Government should look to UK firms for business solutions to drive growth

The British Chambers of Commerce (BCC) says the UK has avoided going back into recession. Its quarterly economic survey of businesses predicts growth of 0.3% in the first three months this year.

BCC director general John Longworth told the BBC Radio 4’s Today programme this week that they were predicting slow growth, "bumping along the bottom" for the first six months of 2012, picking up in the second half of the year and then stronger growth in the following year.

But whilst we may be skirting a recession as business bounces back from the lull, what can Government do to take action to stimulate the economy?

Although the reduction of corporation tax by 1% was welcome in the recent Budget, by comparison raising the business rates by 5.6% and doing nothing for capital allowances meant that the Budget wasn’t a Budget for business, it was a Budget for politics.

The BCC is therefore asking the Government for a focus on infrastructure.  There are two things they say that the government needs to do in the medium to long term in order to accelerate recovery now and keep business confidence;

 1. Big infrastructure. While the government has promised positive changes that will help businesses, improved transport infrastructure and deregulation for example, they are yet to become a reality. These medium- and long-term measures must be brought forward to help businesses grow and create jobs. 
2. Digital infrastructure and the infrastructure of education - skills which are important and that will insulate us against possible external factors like the Eurozone crisis, American debt and oil crisis.
There is no doubt that business supports the need for the government to persevere with its deficit-cutting plan, but there must be a significant reallocation of spending priorities. There must be a greater focus on policies to support growth that will enable businesses to create jobs, invest, and export. 
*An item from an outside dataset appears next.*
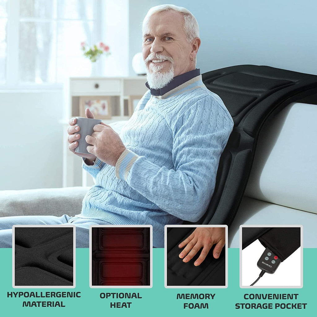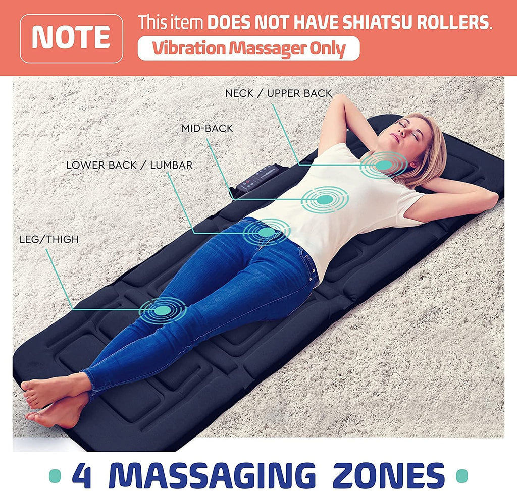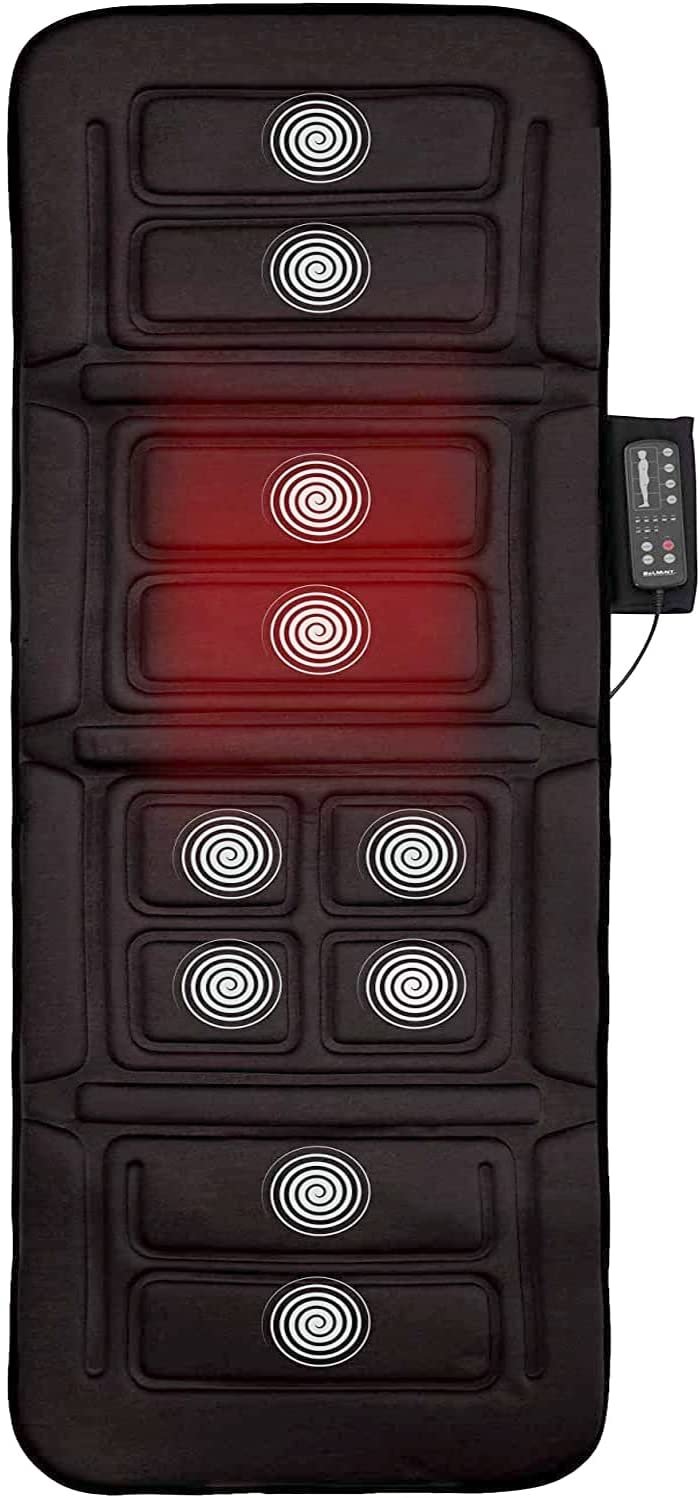 A good massage - sitting up, laying down or laying back.Think you need to book an appointment or wait in line at the salon for an invigoratingmassage experience? We beg to differ. With this invitingly soft plush massage mat fromBelmint, you can hit every spot as well as a pro does - without spending a fortune insalon fees. From your neck to your shoulders, from your back to your lumbar area, fromyour glutes to your thighs and more, enjoy a personal massage at the touch of a button.Best of all, this mat's 10 motors never tire, so you can literally rest in pleasure all day long.Features? 10 Invigorating Massage Motors Deliver Full-Body Relief from Tight & Sore Muscles? 5 Preprogrammed Modes; 4 Independently Controllable Zones; 3 Intensity Levels? Flexible Plush Mat & Intuitive Handheld Controller - Perfect for Sitting/Lying Down? Switchable Warmth Function Soothes Lumbar Area; Warmths to 90°F in just 7.7 Minutes? Side Pouch Accommodates Handheld Controller; Minimizes Unwanted Changes Specs & Details Measures: 5.5 feet long 1.9 feet wide Weighs: 5 pounds Vibration: 3 selectable vibration-intensity levels Warmth: upto 90°F in just 7.7 MinutesHow to Enjoy1 Store at home use with nearly any chair or couch 2 Remove any ties, and neck jewelry before use3 Warmth function is switchable right from the corded handheld controller4 3 selectable vibration-intensity levels let you dial in the joy5 Relax and enjoy relief from pain and stress!6 Easy to clean while remaining comfortable to use7 Fold easily for transport and storageWhat's in the Box??10-Motor Massage Mat? AC power adapter? User ManualRisk free | Backed by a 100% SATISFACTION GUARANTEE! Your body deserve the relief, and you deserve the comfort. Get yours today and start feeling better immediately.

What we have to understand is that living in a global economy what may or may not happen in Europe in the next 6 months often is the determinate of what happens to us.

We could however avoid that fate in the longer term. Of course external threats still exist but by committing to infrastructure projects now, in the medium to long term will encourage businesses that do have cash to start to invest that money for growth and for jobs.

The BCC’s survey indicates that export and manufacturing balances are going very positively and its encouraging to see that businesses are feeling more confident at the start of 2012 than they were at the end of 2011.  The thing that hindered recovery in the last half of last year was cash flow, so the government really needs to look at giving businesses access to capital if they haven’t got cash.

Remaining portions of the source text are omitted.